Thursday, March 05, 2009

What Makes A Good Program?

This is a continuation of the review of "The Psychology of Programming". You can find the post on Chapter 1 here.

Chapter 2 - What Makes A Good Program?

If we plan to study programming as a human activity, we are going to have to develop some measures of programming performance. That is, we are going to have some idea of what we mean when we say that one programmer is better than another, or one program is better than another. Although we all have opinions on these questions, we shall find that the answers are not as simple as we might wish. For programming is not just human behavior; it is complex human behavior.


What do we mean by complex human behavior? This article at betterexplained.com does a good job highlighting the false dichotomy between simplicity and powerful. Another explanation my good friend Scott sent me used simple, complicated, and complex. I'll let Dave Nicolette speak for himself.

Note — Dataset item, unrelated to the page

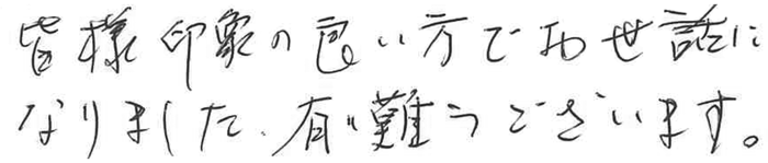接客対応、種々サービス行き届いており、非常に満足しています。有難うございました。

The spectrum goes from easy to understand and predict to extremely hard to understand and predict (but possible with enough effort), to impossible to understand and predict regardless of the level of effort.

In our studies of the psychology of programming, we shall be hampered by our inability to measure the goodness of programs on an absolute scale.
Plenty of effort has been wasted trying to discover that mythical absolute scale; lines-of-code, lines per day, runtime, memory usage, the list goes on and on. The only thing that is agreed it would be that there is no single metric which can be applied to all programs.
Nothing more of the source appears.